Note: If you ever type cd without a word behind it, it will send you back to your home directory.

Your home directory is not all the way back at the root, it is set within the cluster as /cluster/home/username01/.

You can make sure that you are in the right directory by using the command cd with the absolute path.

cd /cluster/home/username01/JulyWorkshop

Helpful Tip

================= Many commands in bash can be used with the ABSOLUTE PATH.

ls /cluster/home/username01/JulyWorkshop

Using an absolute path to find files in a directory is helpful for checking for outputs from SLURM jobs when they are running.

Creating and Manipulating Files


Let’s make a file here using a common command “echo” to start creating our file structure.

echo "Hello World " > helloworld.txt

The > in this command tells the command to place the output into the place it is pointing.
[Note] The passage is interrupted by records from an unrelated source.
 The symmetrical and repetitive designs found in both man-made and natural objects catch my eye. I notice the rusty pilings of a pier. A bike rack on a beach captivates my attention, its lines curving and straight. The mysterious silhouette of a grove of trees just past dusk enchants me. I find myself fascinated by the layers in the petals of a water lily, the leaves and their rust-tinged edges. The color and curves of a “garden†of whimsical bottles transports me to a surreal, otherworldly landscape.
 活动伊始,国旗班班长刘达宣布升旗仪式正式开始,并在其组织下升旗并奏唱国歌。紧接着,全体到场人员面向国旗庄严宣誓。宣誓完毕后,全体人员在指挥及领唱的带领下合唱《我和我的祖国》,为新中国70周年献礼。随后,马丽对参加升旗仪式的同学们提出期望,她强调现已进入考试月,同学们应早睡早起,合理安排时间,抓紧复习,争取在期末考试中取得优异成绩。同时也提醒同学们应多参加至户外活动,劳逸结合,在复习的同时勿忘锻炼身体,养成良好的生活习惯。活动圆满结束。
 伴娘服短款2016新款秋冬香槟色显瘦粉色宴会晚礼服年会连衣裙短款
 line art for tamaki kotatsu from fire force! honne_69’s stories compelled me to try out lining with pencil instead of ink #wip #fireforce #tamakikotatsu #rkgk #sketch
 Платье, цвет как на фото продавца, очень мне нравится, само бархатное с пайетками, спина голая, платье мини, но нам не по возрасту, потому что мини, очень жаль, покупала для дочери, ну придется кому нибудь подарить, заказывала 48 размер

In this case, it creates the file helloworld.txt and puts the phrase Hello World into the file.

Helpful Tip

===================

Be careful with redirect.

When using > to redirect content into a file, if the filename already exists, it will overwrite the file. This means that the original file is gone, and there is no undo in shell.
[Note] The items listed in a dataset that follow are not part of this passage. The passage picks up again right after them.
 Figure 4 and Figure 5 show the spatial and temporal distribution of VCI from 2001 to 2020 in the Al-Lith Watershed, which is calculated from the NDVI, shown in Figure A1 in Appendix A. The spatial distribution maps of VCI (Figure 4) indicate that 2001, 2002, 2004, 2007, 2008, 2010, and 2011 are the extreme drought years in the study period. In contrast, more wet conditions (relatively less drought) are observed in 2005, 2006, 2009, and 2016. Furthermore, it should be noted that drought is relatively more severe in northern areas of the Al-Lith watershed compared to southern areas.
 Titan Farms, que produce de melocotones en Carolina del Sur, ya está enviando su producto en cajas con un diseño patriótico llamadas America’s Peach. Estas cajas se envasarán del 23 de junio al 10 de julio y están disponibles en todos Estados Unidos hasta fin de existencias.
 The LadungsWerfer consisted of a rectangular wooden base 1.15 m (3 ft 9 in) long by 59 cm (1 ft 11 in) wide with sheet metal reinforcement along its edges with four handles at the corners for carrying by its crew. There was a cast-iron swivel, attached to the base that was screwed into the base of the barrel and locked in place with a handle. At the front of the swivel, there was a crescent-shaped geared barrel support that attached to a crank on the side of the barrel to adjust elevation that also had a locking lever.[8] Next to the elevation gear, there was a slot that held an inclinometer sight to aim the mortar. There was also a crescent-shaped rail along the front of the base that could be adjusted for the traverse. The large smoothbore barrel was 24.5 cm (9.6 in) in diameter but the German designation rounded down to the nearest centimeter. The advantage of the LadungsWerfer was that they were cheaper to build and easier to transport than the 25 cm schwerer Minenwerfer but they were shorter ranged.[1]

If you want to add to a file (for example if you are running the same command on several files and extracting a piece of information that you want to put together at the end) you can use another form of redirect >>. Using the double redirect will add to the file instead of overwriting it.

Which one is used depends on your process. If you are only running a command once, or have an intermediate file in a process that does not need to be retained at the end, then > is okay to use.


Reading File Contents


Let’s look inside the file. We have several methods of viewing the content of files that we have created.

A helpful command is cat.

cat helloworld.txt

“cat” will open the entire file, so this is not the best command for long files.
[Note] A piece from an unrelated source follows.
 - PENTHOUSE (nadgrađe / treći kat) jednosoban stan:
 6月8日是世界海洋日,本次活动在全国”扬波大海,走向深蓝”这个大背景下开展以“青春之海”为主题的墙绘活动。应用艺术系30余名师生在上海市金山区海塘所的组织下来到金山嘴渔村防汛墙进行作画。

In that case “head” is a good option. Head pulls the top ten lines of the file and prints them to the screen.

head helloworld.txt

It does not look any different from cat in this case because there is only one line in the file.

A third way to check file contents is by using a program called “less” (or “more”).

“less” will open the file interactively, then you can scroll through it and when you are done, push “q” on your keyboard to close the file.

less helloworld.txt

Press “q” to close the file.

There are many versions of these tools on command line, but “cat”, “head” and “less” are very common.

Copying Files


Sometimes we have a file that we want to reuse.

When copying within the same directory, make sure to change the name of the file, or the original will be overwritten.

When copying to a new directory, the name can stay the same.

This command copies the file within the same directory with a new name. Both files are kept.

cp helloworld.txt helloworld1.txt

Check this with ls

These commands make a new directory, and then copies the file into the new directory with the same name.

mkdir helloworld
cp helloworld.txt helloworld

Check this with ls helloworld (lists the contents of the directory).

Moving Files


mv is an option for renaming files, but also has the potential to overwrite existing files.

For example, this command changes the name of the file and removes the original file. If helloworld2.txt already existed, it would be replaced.

mv helloworld1.txt helloworld2.txt

Check this with ls

Removing Files


rm and rmdir are permanent in shell, so make sure you are ready to delete files.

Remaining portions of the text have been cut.